While I agree and support all this - what frustrates me is that all of these 
changes have happened in one hit. 

I think 1.3 should have been released via the MAS *but*:

a) it should have been free;
b) it should have come with a big "this will more than likely break" health 
warning;
c) GrowlTunes and HardwareGrowler should have been released via the MAS in 
parallel;
d) GVD should have been available (built-in?) from day 1;
e) More thought should have been given to providing FAQ's around "common" apps 
(1password, Dropbox and Skype for example).
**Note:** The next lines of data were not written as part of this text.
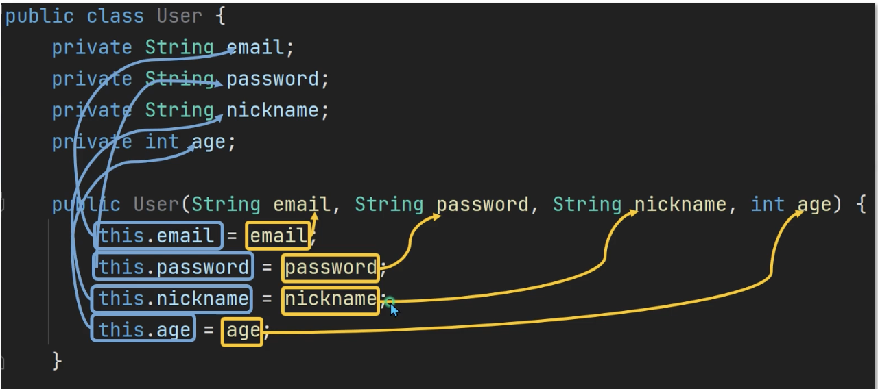 - 파라미터의 이름을 의미 있게 만들면, 멤버 변수의 이름과 보통 중복됨
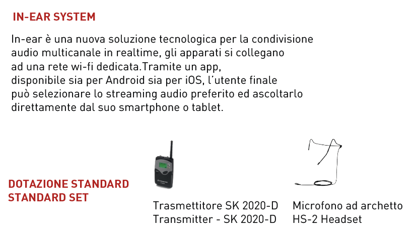 In-ear è una nuova soluzione tecnologica per la condivisione audio multicanale in realtime, gli apparati si collegano ad una rete wi-fi dedicata.
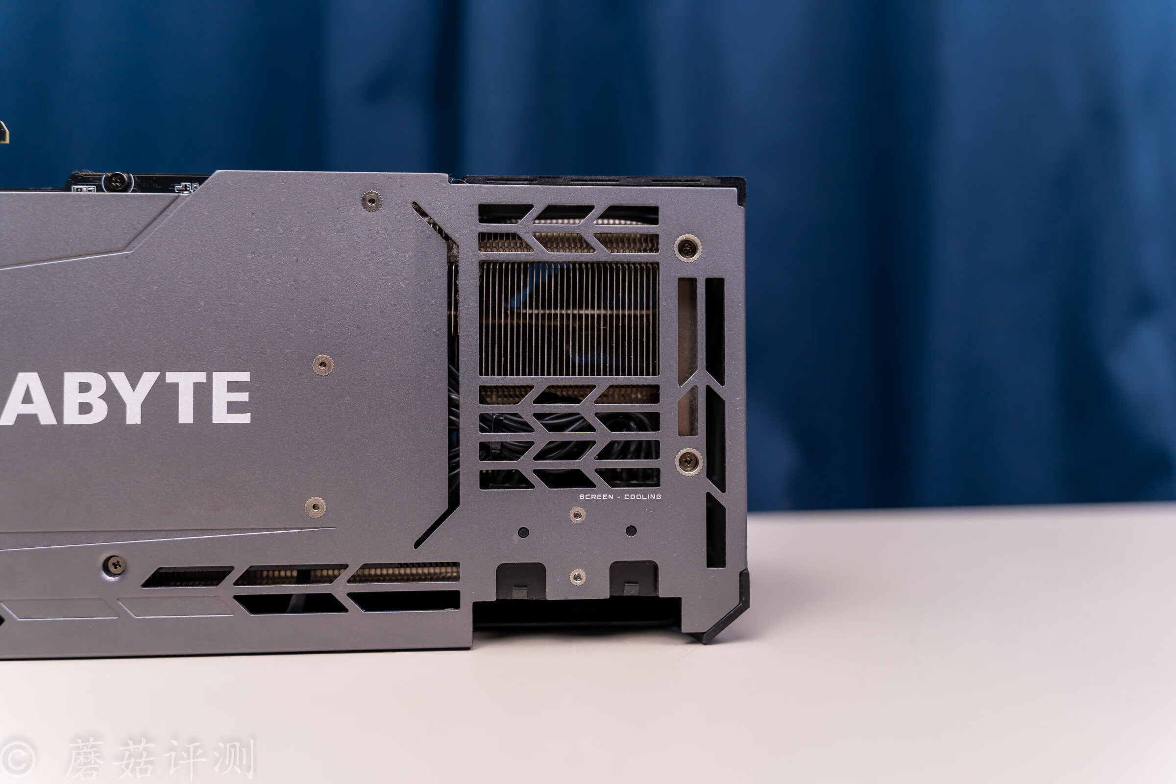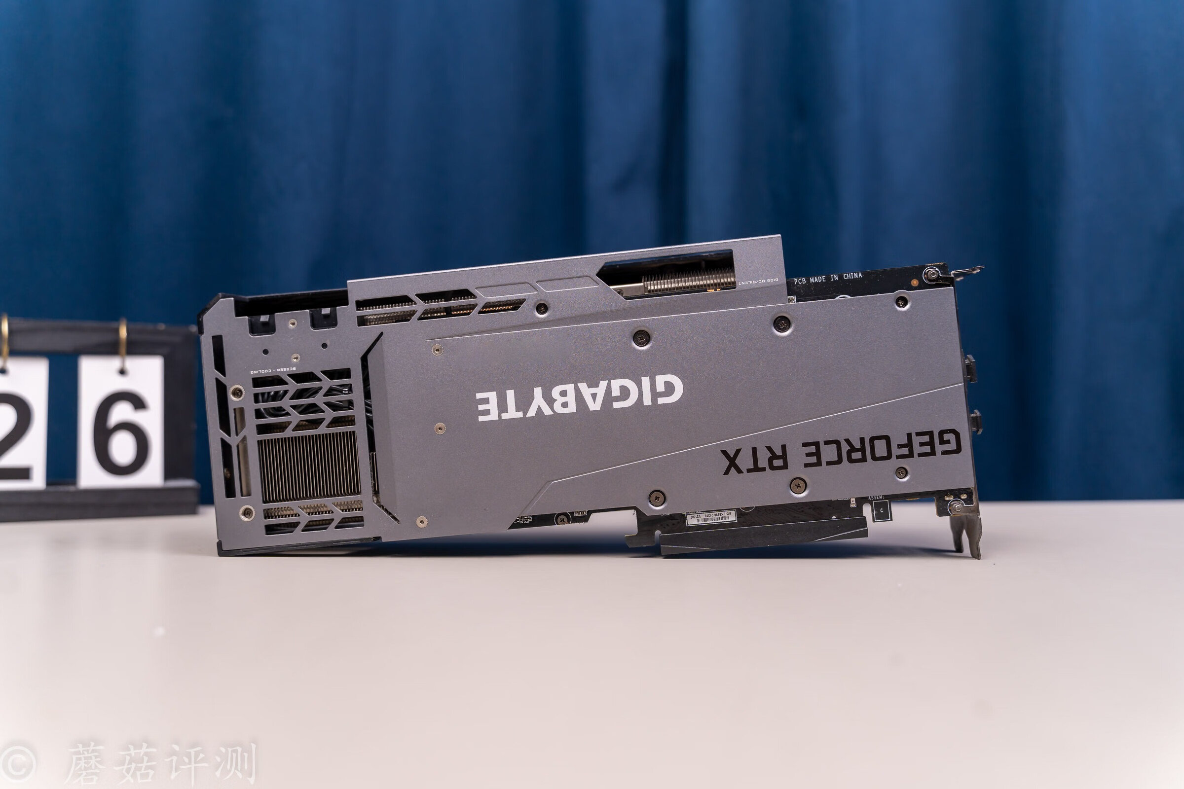 ▼显卡的侧面,金属背板有弯折设计,可以很好的保护中间的散热鳍片。

Then, 1.4 should have been chargeable.

I think this would have eased the transition from non-MAS to MAS, from PrefPane 
to app and from non-sandbox to sandboxed.
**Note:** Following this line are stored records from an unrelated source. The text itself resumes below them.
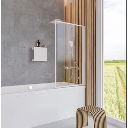 Mit der ansprechenden einteiligen Schulte Badewannenfaltwand Komfort der Edition White Style erhalten Sie eine sowohl ästhetische als auch zuverlässige Duschabtrennung für die Badewanne.
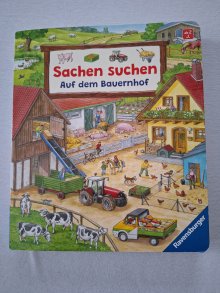 • Tolles Wimmelbuch "Sachen suchen - Auf dem Bauernhof" mit dicken Pappseiten für kleine Kinderhände. Ein Wimmelbuch-Suchspaß-Titel aus der beliebten „Sachen suchen“ Reihe. Auf dem Bauernhof gibt es immer viel zu tun: auf den Feldern die Äcker umgraben, Getreide und Gemüse ernten, Wiesen mäh...
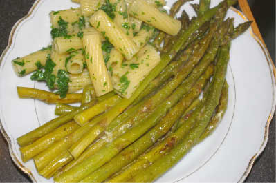 Dazu passen Spaghetti oder andere Pasta mit Kräutern.
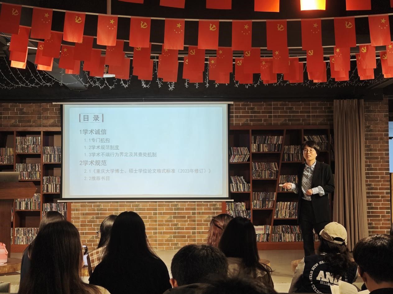 守学术规范,夯诚信基石。为帮助新入学的同学们熟悉和掌握学术论文写作中的科学道德准则与具体要求规范,从而强化科研诚信建设、建设务实严谨学风,2023102616:30,高研院2023级研究生新生学术诚信与学术规范讲座于A区声音图书馆内顺利举行。本次讲座由中文系袁敏副教授作专题报告,2023级全体新生到场参与。
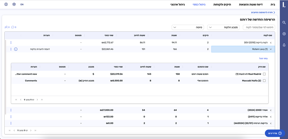 בלחיצה על שם הלקוח למשל, תפתח לנו חלונית חדשה של מסך הלקוח.
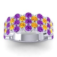 This Citrine wedding ring is casted in 14k White Gold and set with fine quality Citrine and Amethyst. All of the gemstones we use are of the top 10% available, those found in fine quality boutiques across the world. This Citrine wedding band can also be added to your collection of minimalist Citrine rings. This Contemporary Design Is Perfect For Those Who Love Color While Making A Statement. Your Round Colored Stones Sit in A Shared Prong Setting Across Half The Band in Four Honeycomb Style Rows. Free shipping, returns, resizing, and a lifetime warranty ensure you love your purchase.
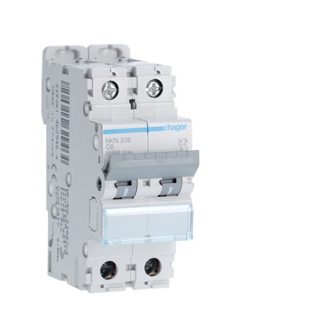 Disj.2P 10-15kA C-6A 2m - DISJONCTEURS MULTI. HAGER NKN206 PROTECTION TERTIAIRE - DISJ MULTI.10-15KA C
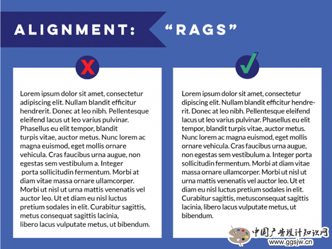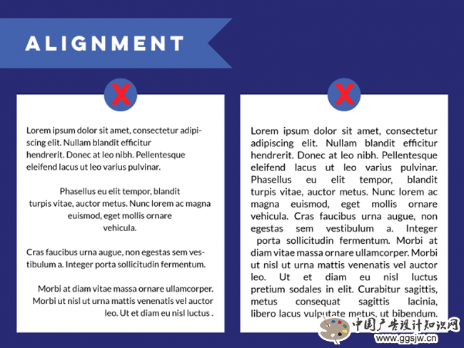 设计原则中,对齐是最重要的几项之一。对齐会让文字排列有序而合理,视觉上统一而一致。不同的对齐方式混合在一起会产生随机的间距,难看且阅读困难。
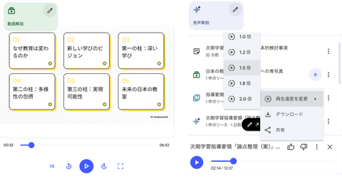 NotebookLMは、読み込んだ資料から以下のような多様なコンテンツを自動で生成し、先生方の様々なニーズに応えてくれます。

Having GT and HG also available would have probably reduced the number of 
support tickets too.

This is just my view however - and of course hindsight is a wonderful thing.
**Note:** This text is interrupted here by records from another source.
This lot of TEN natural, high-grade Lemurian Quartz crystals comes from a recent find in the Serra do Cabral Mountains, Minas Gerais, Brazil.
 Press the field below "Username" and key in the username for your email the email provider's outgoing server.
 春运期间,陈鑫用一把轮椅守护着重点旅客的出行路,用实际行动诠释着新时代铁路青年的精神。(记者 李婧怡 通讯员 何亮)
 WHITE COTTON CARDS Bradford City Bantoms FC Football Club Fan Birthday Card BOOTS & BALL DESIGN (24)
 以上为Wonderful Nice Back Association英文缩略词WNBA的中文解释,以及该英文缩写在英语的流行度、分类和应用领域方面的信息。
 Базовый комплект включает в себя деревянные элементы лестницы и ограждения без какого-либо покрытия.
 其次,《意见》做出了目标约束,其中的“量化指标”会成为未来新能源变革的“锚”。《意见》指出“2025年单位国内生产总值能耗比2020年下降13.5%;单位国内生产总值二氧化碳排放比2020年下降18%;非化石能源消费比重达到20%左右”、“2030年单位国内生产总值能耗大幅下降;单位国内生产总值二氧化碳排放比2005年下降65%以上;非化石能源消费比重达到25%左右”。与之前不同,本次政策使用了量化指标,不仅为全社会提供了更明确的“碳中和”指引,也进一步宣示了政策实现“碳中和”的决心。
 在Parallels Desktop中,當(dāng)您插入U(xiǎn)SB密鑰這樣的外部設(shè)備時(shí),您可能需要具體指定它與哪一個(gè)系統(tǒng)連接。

On 8 Nov 2011, at 18:46, Rachel Blackman <[email protected]> wrote:

>> On Nov 7, 4:43 pm, Rudy Richter <[email protected]> wrote:
>>> This is actually on my list of abandoned projects to fix.  Jesper has
>>> been too busy to update his Google+Growl so he put it up on github and
>>> i'm going to be working on it.  I'll try and get a build posted this
>>> week.  (I seem to be collecting unwanted projects as of late)
>> 
>> BTW, I'm curious about whether Growl 1.3 broke backwards compatibility
>> with version 1.2 by changing its public API .  If this is the case I
>> will be less than happy with Growl developers.
> 
> The issue is as follows:
> 
> * The older method of communicating between Growl and the hosted framework 
> cannot work within the sandbox that Apple introduced in Lion.
> 
> * Apple is requiring everything in the app store to be sandboxed starting in 
> March of next year (originally they had targeted November 1st).
> 
> As a result, everything in the app store would stop working with Growl 
> because the communication method would be cut off from within the sandbox.  
> This would've been... bad.  So, Growl needed a redesign so that it could work 
> with sandboxing.  Growl 1.3 supports GNTP properly (and uses an XPC to do so 
> from within a sandbox, if necessary), but also still supports the older 
> method if you're not in a sandbox; this allows Growl 1.3 to still receive 
> notifications from older apps.  Similarly, the 1.3 framework also works with 
> the older method, so an app built using the 1.3 framework can talk to 1.2 
> just fine.  (And the 1.3 framework also has a mini-Growl built in, allowing 
> notifications to display even if Growl itself isn't installed.)
> 
> So, in theory, everything's copacetic; you use the old method for legacy 
> support, and the new method where it's required by the security model, and 
> everything goes nice and smooth.
> 
> Where the problem arises is that the older frameworks implemented the 
> 'isGrowlInstalled' convenience check by literally looking for the old 
> prefpane on disk.  The old prefpane no longer exists -- in order to play with 
> all of the App Store rules and get Apple's blessing, Growl had to turn into a 
> standalone app.  This wouldn't be a problem -- the notifications will still 
> run just fine regardless of what isGrowlInstalled returns -- except that 
> instead of just generating notifications, a lot of third-party apps use an 
> older framework and used the isGrowlInstalled convenience method in wrapper 
> logic to determine whether or not they should fire notifications /at all/.  
> And because Growl just worked, a lot of things never bothered to update their 
> frameworks.
> 
> (I'll own up; I was one of the developers who did that, too.  Trillian prior 
> to build 1.2 won't work with Growl 1.3 for precisely this reason.)
> 
> In such a case, the older framework using the 'is there a prefpane in the 
> location I expect' check, returning isGrowlInstalled = NO, in an application 
> that uses that check to determine if it should generate notifications at 
> all... well, the end result is no notifications.
> 
> The current 1.2.3 framework (for people who still need to support PowerPC or 
> Leopard) and 1.3 framework can both be used as drop-in replacements to 
> correct this, which is why GrowlVersionDetective can solve the problem as an 
> interim solution for anything that hasn't released a new update.